(INPUT Opens)
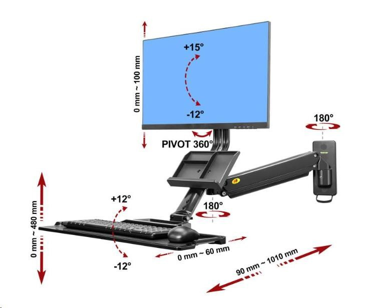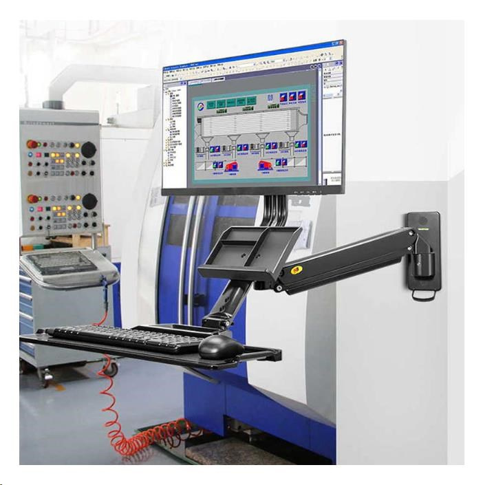 Kompletná špecifikácia Polohovateľná nástenná pracovná stanica NB MB32 Profesionálny držiak na monitor 19" - 27" a klávesnicu s myšou, odkladacia priehradka, otáčanie, naklon, výškové a dĺžkové nastavenie, VESA 75x75 a 100x100, nosnosť 9kg, najvyššia kvalita, systém vedenia káblov, výškové polohovanie 480mm Profesionálny držiak na monitor a klávesnicu, uchytenie na zvislú plochu (stena, pilier, stĺp, stroje a zariadenia). Polohovanie 3D - otáčanie do strán, naklon monitora, vysúvanie a zasúvanie od steny, výškové polohovanie (bez použitia náradia - dotykové), rotácia monitora (otočenie na šírku alebo na výšku). Držiak je vhodný na zavesenie všetkých typov monitorov a All in One PC s uhlopriečkou 19" až 27" a hmotnosťou 2-9kg. Police na klávesnicu a myš s rozmermi 560x200mm (možnosť zatvoriť) a priehradka na dokumenty, vizitky, mobil a poznámky. Najvyššia kvalita spracovania, jednoduchá inštalácia a nastavenie. Systém skrytého vedenia káblov. Farebné prevedenie čierne. Držiak na monitor alebo All in One PC vrátane police na klávesnicu a myš, 3D polohovanie, profesionálny, do kancelárie, výrobných hál, na stojany CNC a obrábacie stroje, uchytenie na zvislú plochu alebo stenu - NB MB32 Technické údaje: nastaviteľná nosnosť podľa hmotnosti monitora 2kg až 9kg na monitory a All in One PC s uhlopriečkou 19" až 27" podpora VESA štandardu 75x75 a 100x100 police na klávesnicu a myš s rozmermi 560mm x 200mm (možnosť zatvoriť, dĺžková regulácia 60mm) priehradka na dokumenty, vizitky, poznámky, bločky, mobilný telefón otáčanie do strán +/- 90° naklon obrazovky +12° / -12° výškové nastavenie samotnej obrazovky 100mm výškové polohovanie celého držiaka 480mm rotácia obrazovky PIVOT - otočenie do vodorovnej alebo zvislej polohy vzdialenosť od steny 90mm až 1010mm plynová pružina pre výškové polohovanie bez použitia náradia (dotykové) systém na vedenie káblov materiál hliník, kryty plastové najvyššia kvalita farebné prevedenie čierne záruka 3 roky Držiak All in One PC alebo monitora s policou na klávesnicu a myš, uchytenie na stenu alebo zvislú plochu, ideálny do výroby, na stroje, CNC, obrábacie stroje, do malých miestností atď. - NB MB32 Držiak na monitor NB MB32 podporuje VESA štandardy: VESA 75x75 VESA 100x100 3D polohovateľný držiak na monitor All in One PC a klávesnicu, uchytenie na stenu alebo zvislú plochu NB MB32 Nastavenie výšky bez použitia náradia, ľahko a rýchlo: Držiak má integrovaný plynový piest, ktorý po zavesení monitora otočením imbusového kľúča nastavíte na jeho hmotnosť. Potom bude držák vždy v takej výške, do ktorej ho zatlačením na monitor alebo vytlačením nastavíte. Regulácia výšky je možná v rozmedzí 480mm. Ergonomická kancelária, držiak monitora a klávesnice s myšou NB MB32 Kde možno použiť držiak monitora alebo All in One PC s policou na klávesnicu a myš: firmy, spoločnosti v kanceláriách malé miestnosti, práca bez stola (možnosť rýchleho nastavenia pre prácu v sedení alebo v stoji) v dielňach v továrňach pozície na strojoch (CNC, obrábacie atď.) v skladoch v domácnostiach
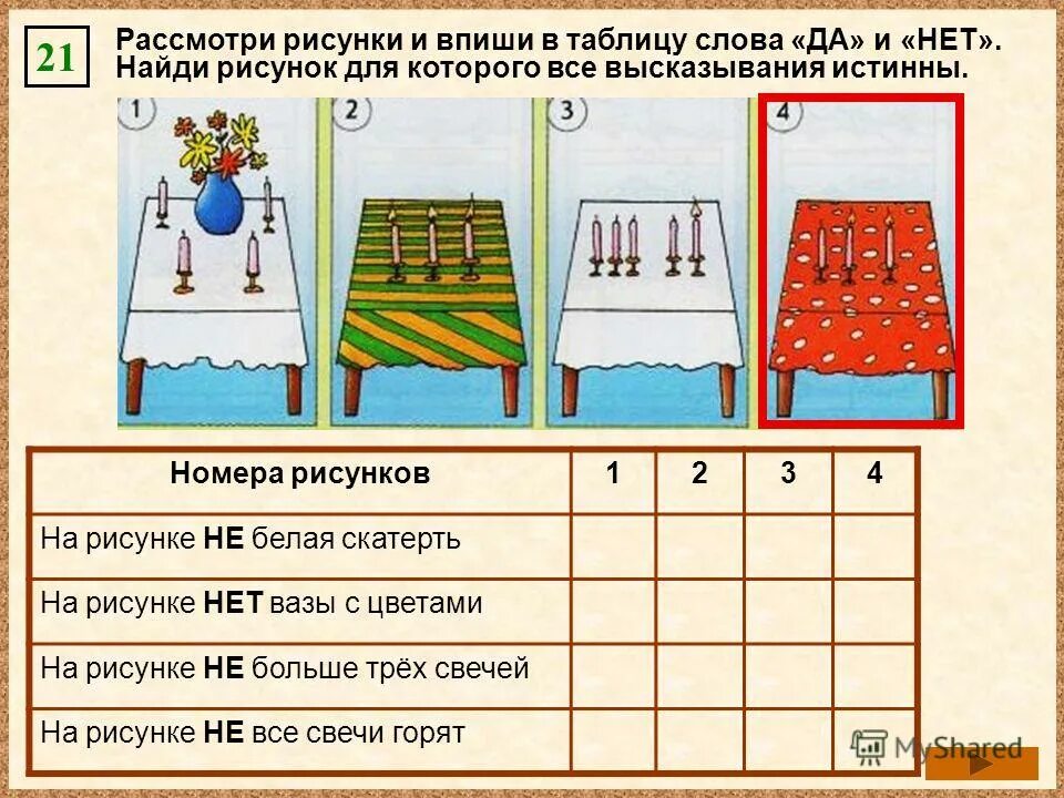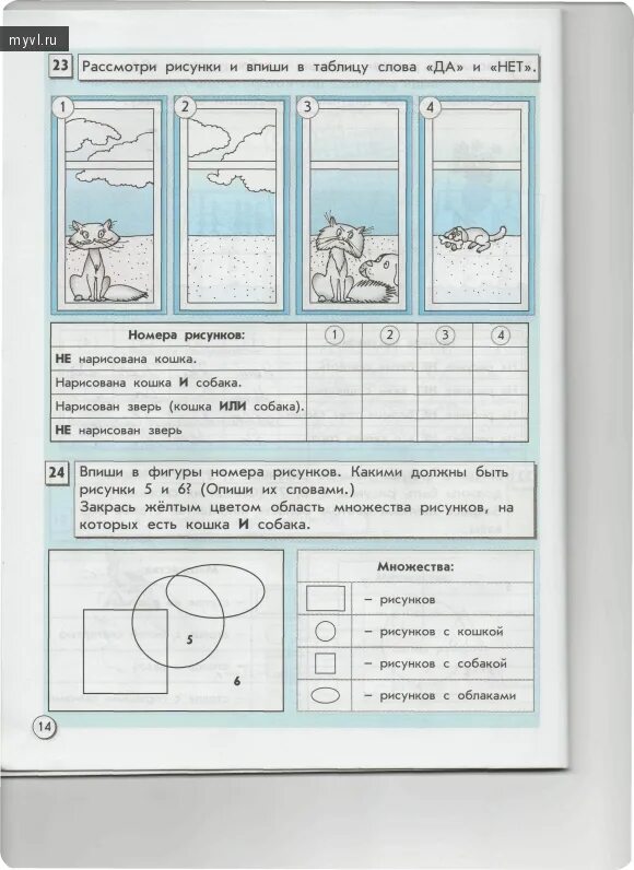 Рассмотри рисунки и впиши в таблицу слова да и нет.
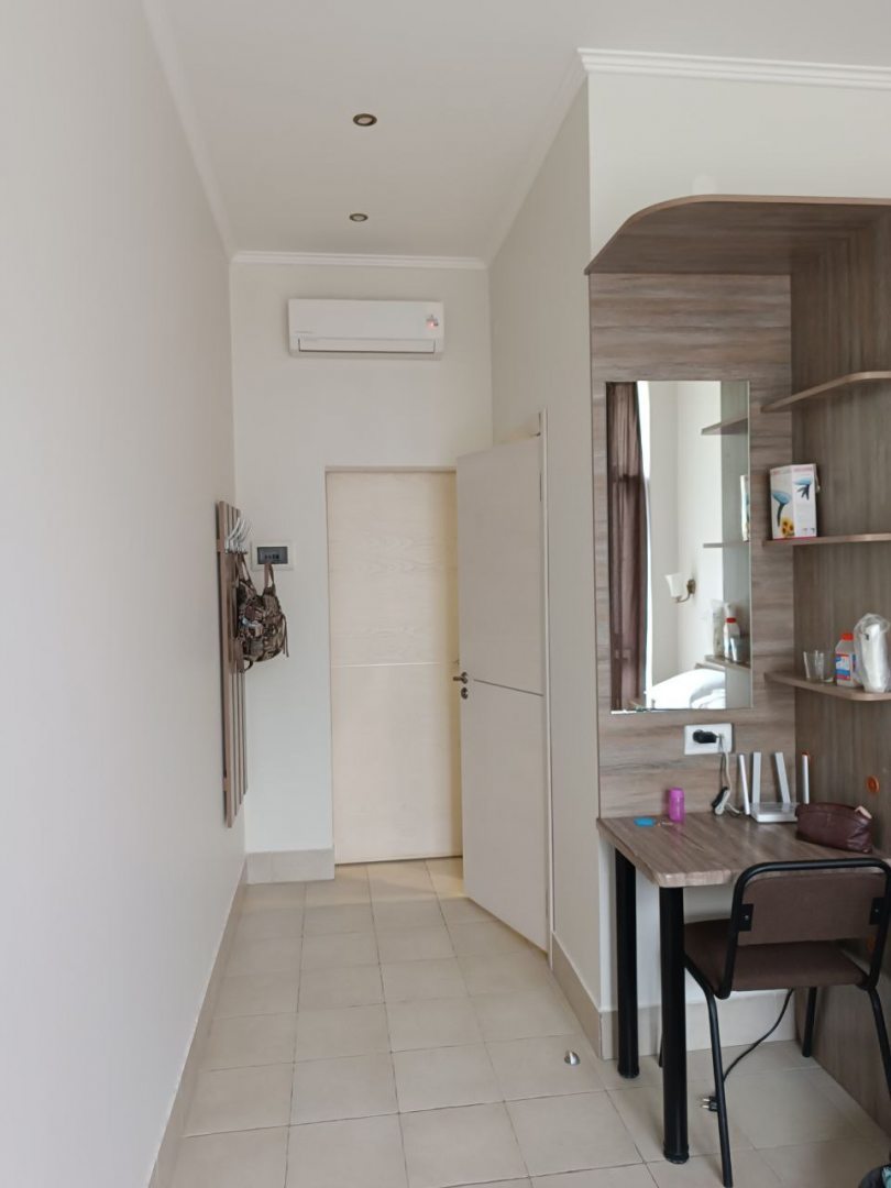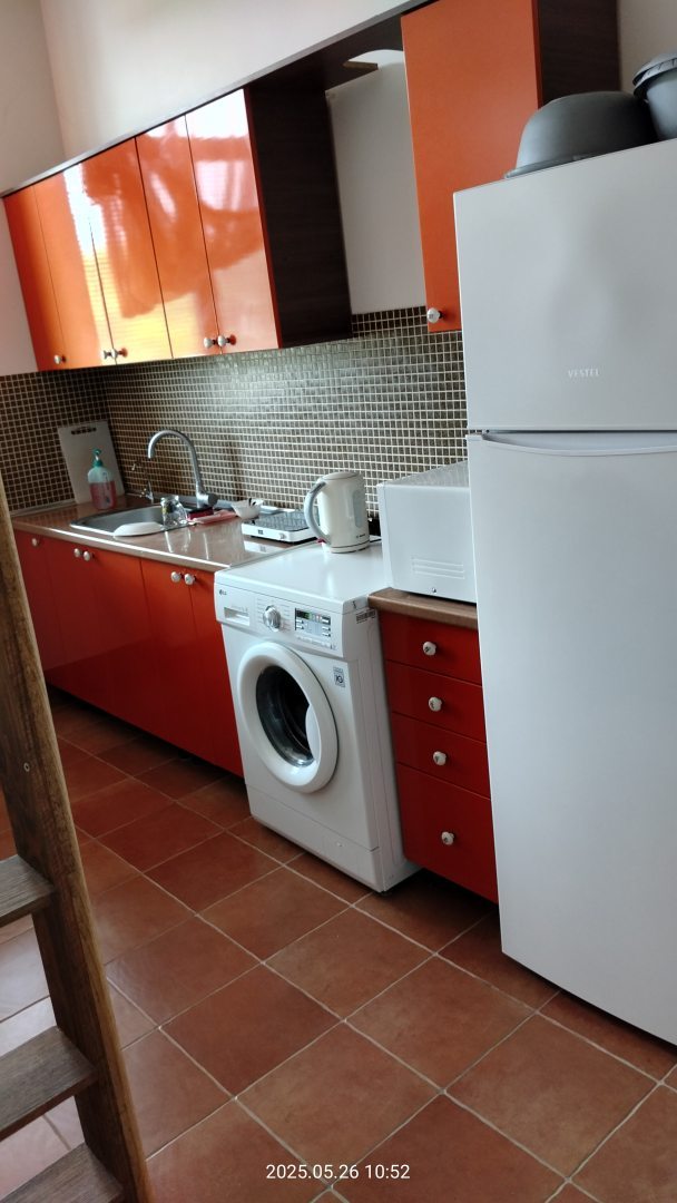 Наш номер на 2 этаже. Мне очень понравилось, что есть общая зона, где есть стиральная машинка, порошок, большой холодильник, чайник, микроволновая печь, посуда, приборы , гладильная доска, современный утюг
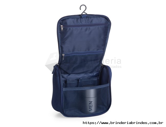 Nécessaire organizadora em tecido nylon Oxford, possui bolso frontal e alça superior, parte interna com gancho plástico; bolso interno superior em nylon e bolso de tela ambos com zíper; bolso inferior aberto de tela com 4 divisões de bolsos também em tela. Perfeita para lhe acompanhar em viagens e até mesmo transportar seus itens pessoais do dia a dia com organização e praticidade.
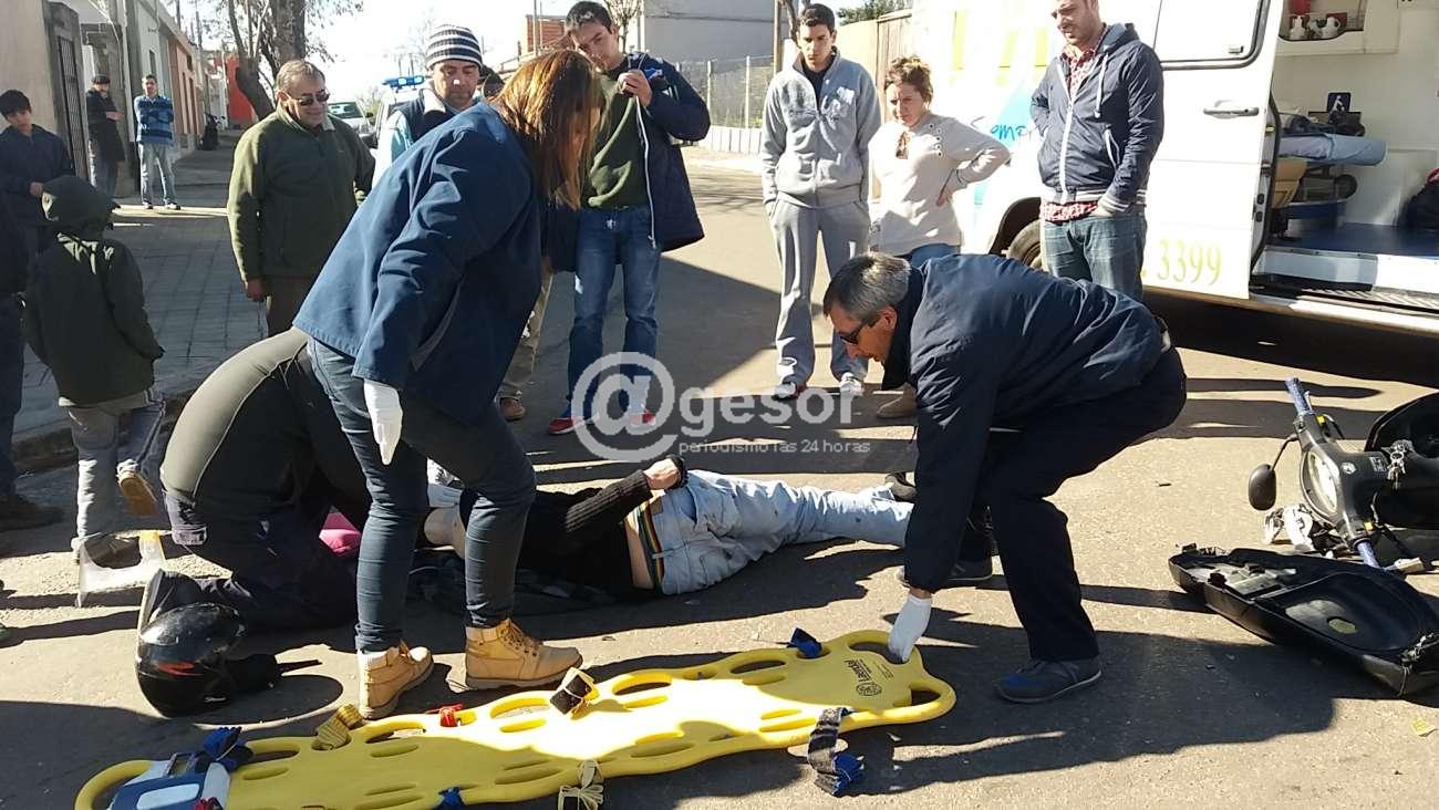 Como resultado de la colisión, el motociclista resultó lesionado, tratándose de Gustavo Nicolás Parao Otte de 20 años, quien fue trasladado a Sanatorio de CAMS para mejor atención, se encontraba conciente, el mayor impacto lo llevó en la zona de los pies y las piernas. El joven estaba cumpliendo tareas como delivery de Círculo Policial inclusive en el momento llevaba uno de los pedidos.
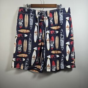 Nautica Blue and Red Swim Trunks with Surfboard Design
(INPUT Closes)
- WHAT YOU SHOULD DO: Restate, word for word and without pictures, the lines from the line containing "Como resultado de" to the last line of the records above.

- RESPONSE:
 Como resultado de la colisión, el motociclista resultó lesionado, tratándose de Gustavo Nicolás Parao Otte de 20 años, quien fue trasladado a Sanatorio de CAMS para mejor atención, se encontraba conciente, el mayor impacto lo llevó en la zona de los pies y las piernas. El joven estaba cumpliendo tareas como delivery de Círculo Policial inclusive en el momento llevaba uno de los pedidos.
 Nautica Blue and Red Swim Trunks with Surfboard Design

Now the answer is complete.